Ed è durante l'anno trascorso a fare bunkeraggio nelle foreste dell'Indonesia che Gassani "muore" per la seconda volta. «C'era Sukarno, e c'era la rivolta dei nativi contro inglesi e olandesi. Io davo ai guerriglieri le nostre scorte di cibo e loro mi bendavano e mi portavano in canoa a vedere i loro tesori nascosti. Poi una notte, a Singapore, mentre tornavamo a bordo sentii “O Sole Mio” suonare a una festa in lontananza. Mi tuffai. Arrivato a riva un cameriere mi vide e pensò che fossi un ospite ubriaco caduto in mare, e mi rivestì con uno smoking». Gli altri marinai lo danno per disperso, ma il padre sa bene quanto il figlio è "imprevedibile". «Mi ritrovò la polizia inglese e mi riconsegnò alla nave.

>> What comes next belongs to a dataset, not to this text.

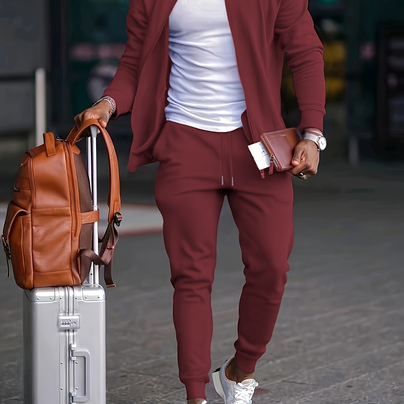 Spring and Autumn Men's Casual Sport Solid Color Suit

Ricordo che babbo mi diede una Coca Cola, dopodiché mi risvegliai su un aereo per Karachi in direzione Italia». Nel Bel Paese Gassani mette su famiglia, prosegue la carriera in mare fino al 1982 e si appassiona alla maratona. Pochi giorni fa è alla Stazione Termini di ritorno dalla 50esima gara; ha visto alla trasmissione Rai “I Fatti Vostri” la storia di Paolo Boschi, di Follonica dato per scomparso per 25 anni e riapparso dopo aver letto il libro sul suo quartiere scritto da Carlo Tardani e Silvano Polvani. Lo riconosce. Si fa incontro a lui e agli autori. Spiega di avere una storia simile da raccontare. E confessa: «Ho scritto il manoscritto della mia vita, vorrei farlo vedere a Paolo Virzì per farne un film di avventure».